— Data shown —
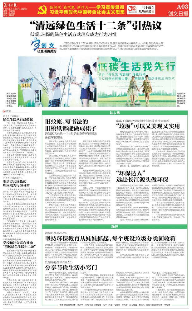 9月12日,信息工程与商务管理学院数字媒体系师生受邀参加了由清远市委宣传部、清远市文明办主办,清远日报社承办的——清远“粤生活 粤美丽”绿色行动启动暨主题签名活动。
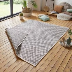 Mit diesem zweiseitig verwendbaren Flachgewebeteppich bringen Sie Abwechslung in Ihre Wohnung. Einfach umdrehen und schon haben Sie eine andere Ansicht dieses modernen Webteppichs. Die Sisal-Optik wirkt, als wäre der Teppich aus Naturfasern gewebt, besteht aber aus 100% Polypropylen. Die Verarbeitung ist gewohnt hochwertig und der Wendeteppich eignet sich sowohl für Garten, Terrasse und Balkon, als auch für alle Zimmer im Innenbereich.
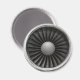 Front view of a modern jet turbine engine showing the fan blades and shiny silver engine cowling.
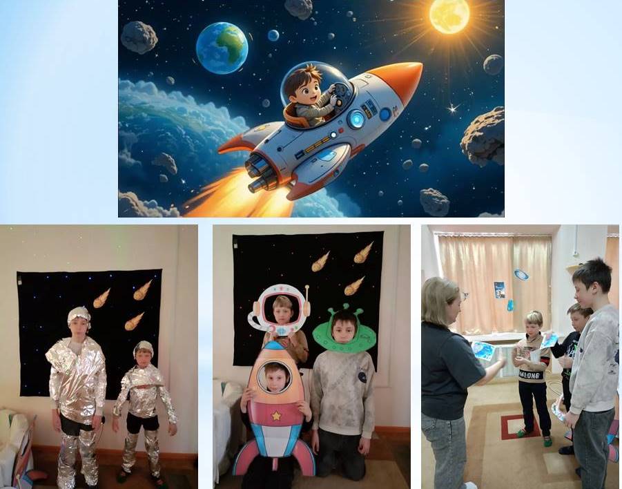 В отделении реабилитации несовершеннолетних с ограниченными физическими и умственными возможностями специалисты организовали фотосессию для ребят, где предложили им сняться в образе космонавта! С 6-12 апреля по всей стране объявлена первая Российская Неделя космоса.

— Required action —
Reproduce the entire listing exactly, but omit any pictures.

— Result of this exercise —
 9月12日,信息工程与商务管理学院数字媒体系师生受邀参加了由清远市委宣传部、清远市文明办主办,清远日报社承办的——清远“粤生活 粤美丽”绿色行动启动暨主题签名活动。
 Mit diesem zweiseitig verwendbaren Flachgewebeteppich bringen Sie Abwechslung in Ihre Wohnung. Einfach umdrehen und schon haben Sie eine andere Ansicht dieses modernen Webteppichs. Die Sisal-Optik wirkt, als wäre der Teppich aus Naturfasern gewebt, besteht aber aus 100% Polypropylen. Die Verarbeitung ist gewohnt hochwertig und der Wendeteppich eignet sich sowohl für Garten, Terrasse und Balkon, als auch für alle Zimmer im Innenbereich.
 Front view of a modern jet turbine engine showing the fan blades and shiny silver engine cowling.
 В отделении реабилитации несовершеннолетних с ограниченными физическими и умственными возможностями специалисты организовали фотосессию для ребят, где предложили им сняться в образе космонавта! С 6-12 апреля по всей стране объявлена первая Российская Неделя космоса.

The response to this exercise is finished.